Anne raised a hand to stop me. ‘Please don’t start all that again. We’ve been over it a hundred times.’
‘And yet you still won’t admit the truth, even to yourself.’
She turned and held my eyes. ‘Your father left because he knew he was ill, and he wanted to spare us the pain of watching him die.’
‘And why do you think I stopped eating before he left? Why do you think I cut myself?’
She sighed. ‘You chose to do it. You entertained these – fantasies –’
‘I wanted to make myself ugly. I wanted to be so unbearable to look at that he would never try to touch me again.’
‘Yes, I’ve heard all this many times before. I thought perhaps that now the poor man was in his grave you could finally let it rest.’
‘Why did you always believe him over me? I’m your daughter –’
‘And he was my husband. For Heaven’s sake can’t we speak of something else? It’s a lovely sunny day.’ She drained her glass of rosé and refilled it.
‘As you wish.’ I let silence fall between us.
‘You’re happy here?’
‘Yes, very much so.’
Anne looked longingly at the garden and made a show of checking her watch. ‘Perhaps I could stay for a while, if Mateo’s back at five. It would be nice to see that deliciously handsome profile again.’
In that instant I knew what she was up to. ‘You’re not having Bobbie come to stay,’ I said. ‘You’re just playing your usual games.’
‘Don’t be ridiculous, darling, why would I do that?’
‘I don’t know. Perhaps you just want to get back at me –’
‘For what? For doing drugs and getting pregnant and falling down the stairs at some drunken party?
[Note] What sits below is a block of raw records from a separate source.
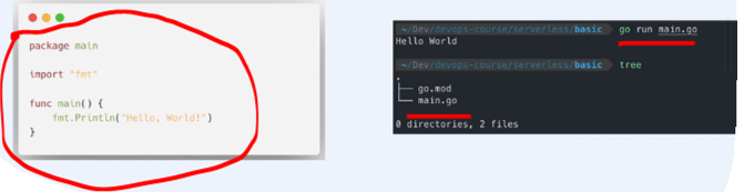 위의 오른쪽에서 tree구조를 보게 되면 go.mod라는 module을 관리하는 text file과 main.go를 볼 수 있게 된다.
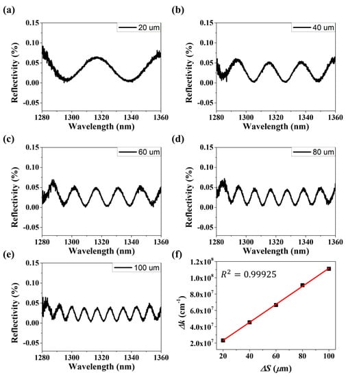 Figure 5a–e show FPI reflection spectrum according to ΔS and Figure 5f Graph of the relationship between ΔS and wavenumber variation Δk. The ΔS was measured while varying the range of 20–100 μm (one step at 20 μm). In the graph of Figure 5f, the linearity of ΔS and Δk is more than 0.999.
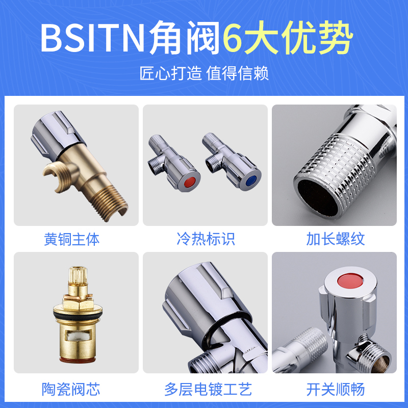 当前的位置: 首页 > 今日值得买 > BSITN 波士顿卫浴 5个装 铜角阀 冷热水快开加厚三角阀4分八字阀 通用止水阀 B501-1

For trying to kill yourself?’
‘For accusing my father –’
‘Why is it that all little girls accuse their fathers these days? They’ve read about it in the papers and create false memories to blackmail their parents –’
‘– and for denying you grandchildren.’
‘I wish you could hear yourself, Calico. All this dreadful pop-psychology. I only wanted what was best for you. If only you hadn’t spent so much time trying to hurt me. You were always your father’s girl.’
‘And the only way he could get away from you was by dying.’
‘That’s an evil thing to say. Poor Mateo, I don’t suppose he had an inkling of what he was getting himself into, thinking he was marrying a blushing English rose.’
‘I think it’s time you left,’ I said, rising from the table. ‘I don’t need you trying to poison my husband against me.’
Anne had one last weapon to use. ‘I don’t suppose,’ she said imperiously, ‘that you told him you were sectioned.’
‘I got sick because you refused to admit what was happening right under your nose.’
‘No, Calico, you made yourself sick because you simply couldn’t handle the real world.’
‘Well I’m married now and I have a step-daughter, and I’m handling this world perfectly well,’ I said. ‘I have friends and a life and people who treat me with honesty and respect, which is more than you ever gave me.’
I think Anne’s slap came as a shock to both of us. She stepped back from the table, looking at her open right palm.
I rose and moved away, my hand to my burning cheek. A plate slid off the dining room dresser behind me and split in two on the boards. Moments later my mother had put on her coat and was leaving in a display of theatrical temper, and as I watched her rush out to her car I was just glad that it was over once and for all.
After all the years of pretending that there were still ties between us, there was no more need for us to try and behave like mother and daughter. We were enemies.
I went to the door, expecting to hear the car crunch gears and speed away, then returned to the dining room. My hands shook violently as I cleared up the broken plate and binned the pieces. To calm myself, I went to sit in the glass atrium. When Bobbie finally came back and woke me an hour later, it was evident that she had not heard our argument, and all was right once more.
I decided that if I spoke to Anne again – and I would, because in a month or so she would pretend we had never fought and would Skype me to chat about her work – I would always keep a wide, cold ocean between us.